Slate: consider using paths instead of keys

Created on 15 Nov 2017  ·  19Comments  ·  Source: ianstormtaylor/slate

This is just an idea.

Right now we use the concept of unique "keys" to keep track of the anchor and focus of a node in a range. And we use them to look up a node by key in the document, for updating, etc.

But keys are local-only, and once we convert the change information into operations, we convert "keys" into "paths", which are just an array of indices that locate a node in the document—like [2, 1, 2]. Because these don't rely on local information.

But I was thinking... would it be an improvement if we actually just used paths everywhere? and did away with the idea of "keys" entirely?


PROS
  • For many things, like "find node by key", the "find node by path" equivalent would actually be much quicker, since you wouldn't have to search the entire tree, you'd just know exactly where to descend by just following the path.
  • It would also make operations expressed in the same terms as the local changes are applied.
  • When inserting fragments or nodes, we wouldn't have to do the current behavior where we iterate all the new nodes, insuring that their keys aren't already in the document—which would save performance.
  • I think a lot of the logic in the "at current range" transforms that determines what the selection will be after the change has applied could be simplified, because path changes are deterministic, compared to key changes which cannot be guessed ahead of time since they are unique.
CONS
  • Finding a node in the DOM currently searches for its "key", which doesn't change across renders. But if paths were used instead then whenever a node was inserted, each node after it would have to re-render to update DOM attributes. This could potentially be mitigated by moving the key generation into the view layer, as a view-level concern instead of the data layer. Keeping it around only for locating nodes in the DOM.
  • To update a specific node, you no longer have the key reference. This could be solved by either searching for the node instance itself (with the same performance). Or it could be by passing the path to places that need the node. The path approach is awkward though, since it means the information needed can change without the node itself changing. But that's okay, because comparing by instance would work still I think, so not really an issue.
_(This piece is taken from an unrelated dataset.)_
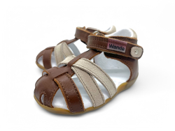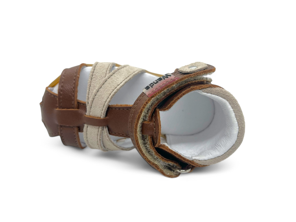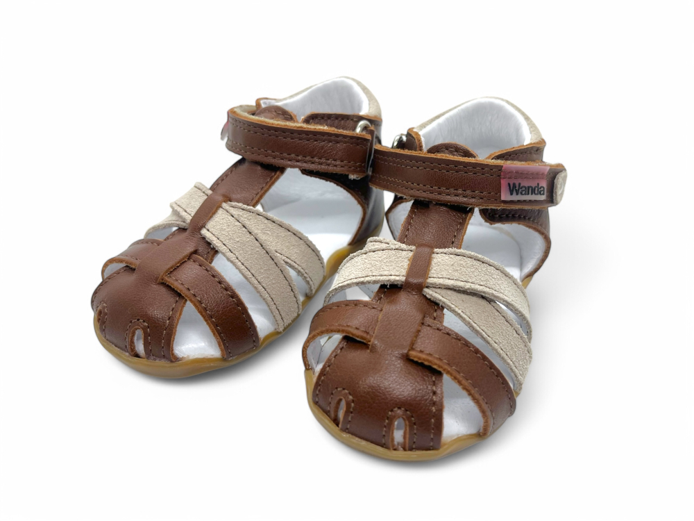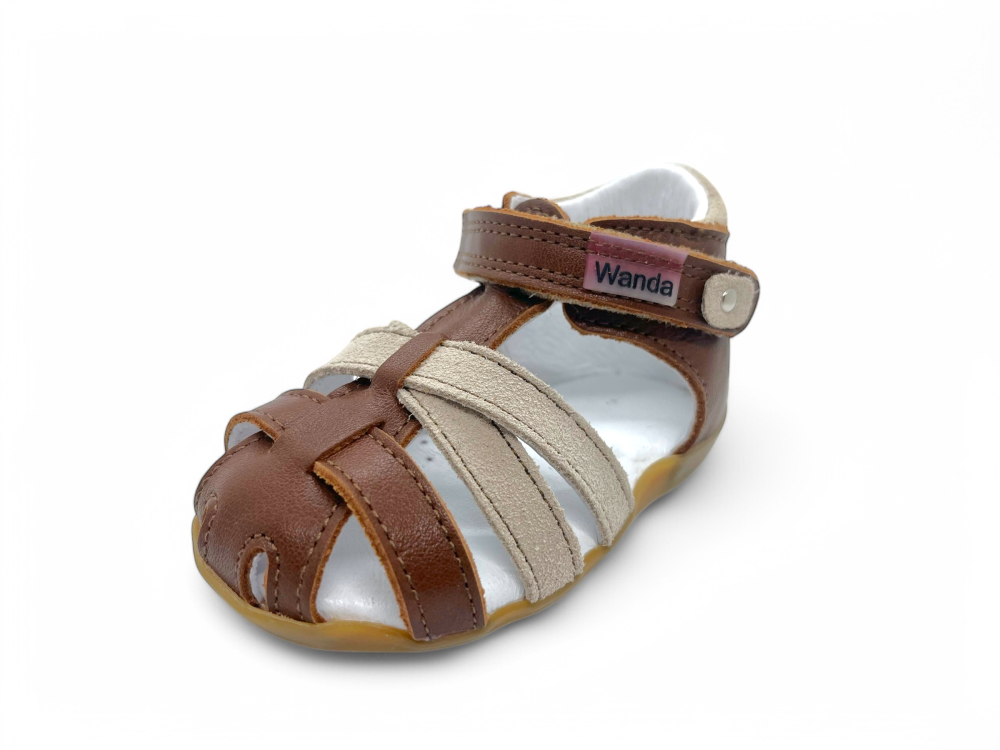 Materiál: Je zdravotne nezávadná, vyrábaná výhradne z certifikovaných polotovarov Európskeho pôvodu. Zvršok je z prírodnej hovädzej alebo teľacej kože. Podšívka v sandálkach Wanda je tiež z prírodnej kože. Stielky sú kožené perforované, čo zaručuje rýchle vyparovanie vodných pár, aby sa noha nepotila. Taktiež sú vybavené podporou klenby pre lepší vývoj detskej nôžky.

Would love to hear people's thoughts on this.

improvement ✶ breaking

Most helpful comment

@zhujinxuan totally agree! I think keys are useful enough in many scenarios that it makes sense to keep them. And instead we can offer both representations.

The only thing that will become slightly more complex is setting the selection properly (since both key and path will be set at once) but I think that can be handled under the covers in most cases already. And with that handled, then consumers can choose to use whatever representation is more convenient/performant for their use case.

All 19 comments

I like the idea of using paths -- they're self-describing and, like you said, will probably be faster.

If we lost keys, this is the first possible problem that comes to my mind: Let's say I have a list block. I insert a paragraph block before the list block. Now any reference to the list's block key will point at the paragraph, instead. If keys aren't immutable references anymore, how can you refer to the same node across changes?

@justinweiss can you describe your use case a bit more? I think there's a few scenarios for that...

  1. If the list is inserted before paragraph, the paragraph immutable instance won't actually be changed, so it will still be comparable by reference equality. So if we had change methods like insertTextByNode(node, ... then those would still function, since they'd be checking reference equality.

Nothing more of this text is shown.